Required work ▸ Your task is to work out how many lines in the data that follows hold "grund" and to state that number alone.

################

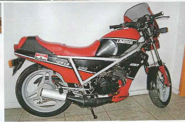
Hochwertige Komponenten von Marzocchi adeln die 125er. Die VDO-Instrumente haben die Zündapp 125 und die frühen Laverdas gemein. Sammler Struve verfügt über ein beachtliches Teilelager. Mit der grünen LZ 125 begann alles, die Uno gab's auch in dieser Lackvariante

125ern durchaus im Drehzahlkeller bummeln kann, muss man diese Maschine bis 11 000 Umdrehungen fahren, damit man überhaupt vorankommt. Oben herum ist sie aber deutlich giftiger als die früheren Laverdas“, berichtet der Zweitakt-Fan. Weil mehr Schaltarbeit angesagt war, spendierte man der Lesmo ein Sechsganggetriebe. Damit erreicht sie laut Tacho beachtliche 135 Stundenkilometer, die älteren Modelle streichen bereits etwa bei 120 km/h die Segel. Der Nachfolger der Lesmo stand Ende der achtziger Jahre mit der Laverda 125 Navarro bereits in den Startlöchern, vermutlich sind aber keine Serienexemplare mehr gebaut
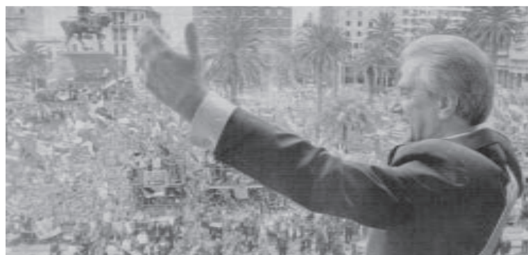
Tabaré Vázquez habla en el acto de asunción en Montevideo.

El MST y la UIT (CI) han enviado sus condolencias al PC chileno. Nos unimos desde estas páginas al recuerdo de Gladys y comprometiendo el mejor homenaje que podemos hacerle: seguir la lucha por el castigo a todos los genocidas y por los derechos sociales de los trabajadores.
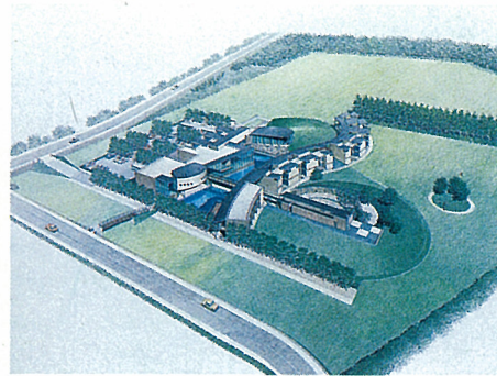
和洋女子大学佐倉セミナーハウス(徒歩1分)
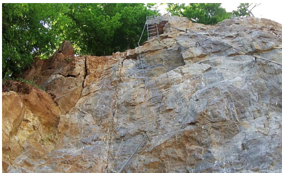
Cesta č. 1 a 2 – horní část
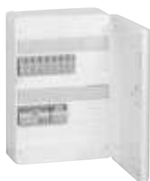
4 132 61
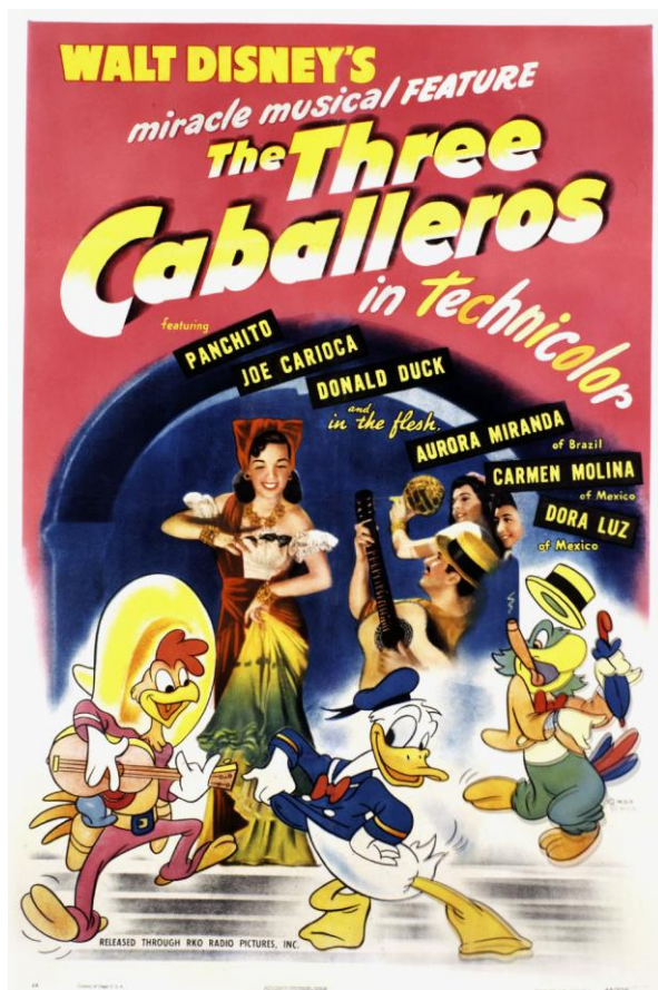
Рис.1. Афиша к мультфильму The Three Caballeros / Три кабальеро (1945, реж. Н. Фергюсон, К. Дженероми, Д. Кинни, Б. Робертс и Х. Янг)
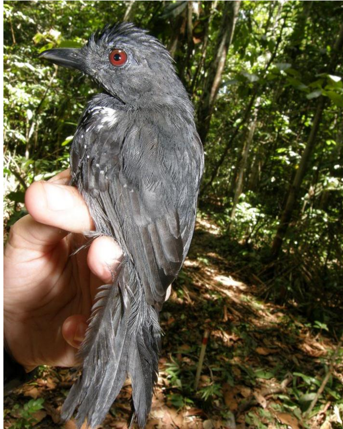
Foto 57. Thamnophilus aethiops (macho). Ilha do Bufalo, 20/11/2010.
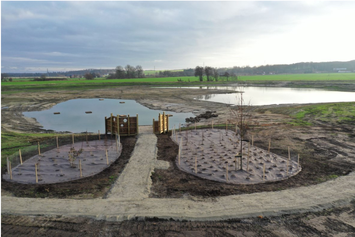
Figur 3 Åtgärder för rekreation vid våtmarken. En utsiktbrygga med vy över ett djupområde och en grund del av den östra våtmarksdelen. I djupdelen är fågelplattformar utplacerade.

variation av grund och djupområden vilket ska ge en varierad miljö för etablering av vattenanknutna djur och växter. Totalt kommer ett område på ca 15 ha att tillgängliggöras för rekreation och insådd av örtblandningar samt en sandyta, som ytterligare kommer att gynna den biologiska mångfalden.
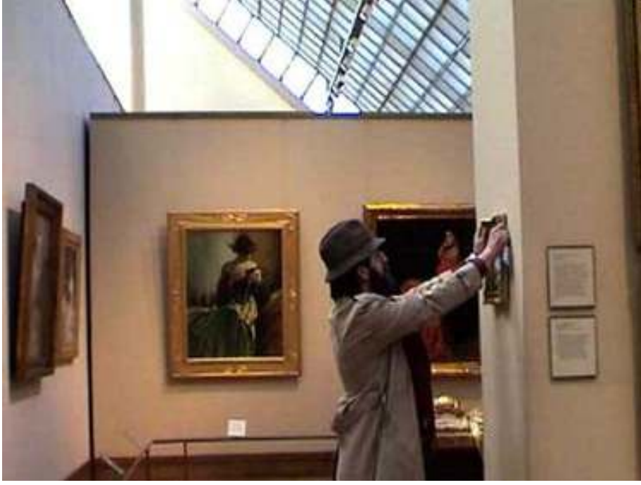
Resim 12: Metropolitan Müzesine kendi yaptığı işi asarken kendini fotoğraflatmıştır. 2005

Banksy verdiği bir röportajında sergi mekanları ve müzelere ilişkin şu sözleri sarf etmiştir. Bence bir müze gidip de bir sanat eserine bakmanız için kötü bir yer; çünkü bir sanat eserine dair olabilecek en kötü bağlam bir başka sanat eseri.
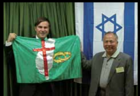
與以色列的合一與連結

1998~1999年 「強本南進」→「強本西進」→「強本全進」；並邁向「四中」——在中國、中南半島、中亞、中東地區；至今已在全球各地建立261間分堂，以及13間福音中心；期待遍築禱告祭壇，遍植宣教據點。
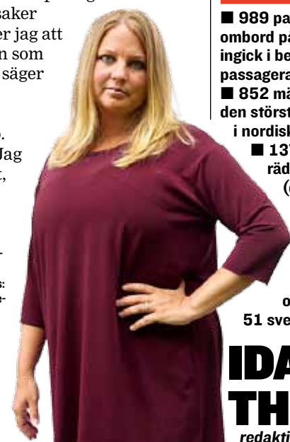
KÄLLOR: Förutom de intervjuades egna berättelser har följande källor använts: Expressens arkiv, TT, Haverikommissionens slutrapport om M/S "Estonias" förslin, "En granskning av Estoniakatastrofen och dess följder" (SOU 1998:132), "Estoniasamlingen.se" (sammansatt av Id Styrelsen för psykologiskt försvar,

så mycket fortfarande, 20 år senare. Han som dessutom överlevde.
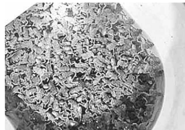
► La plaga se extenderá por otras partes del estado en las próximas semanas, según expertos.

Y la más inmediata se basa en dos pilares: el reparto de comida, pues «hay gente desesperada por estar más de una semana sin poder comer de manera regular», y el agua y saneamiento para que no se propaguen enfermedades como el cólera y la malaria.

################

Response to the exercise ▸ 2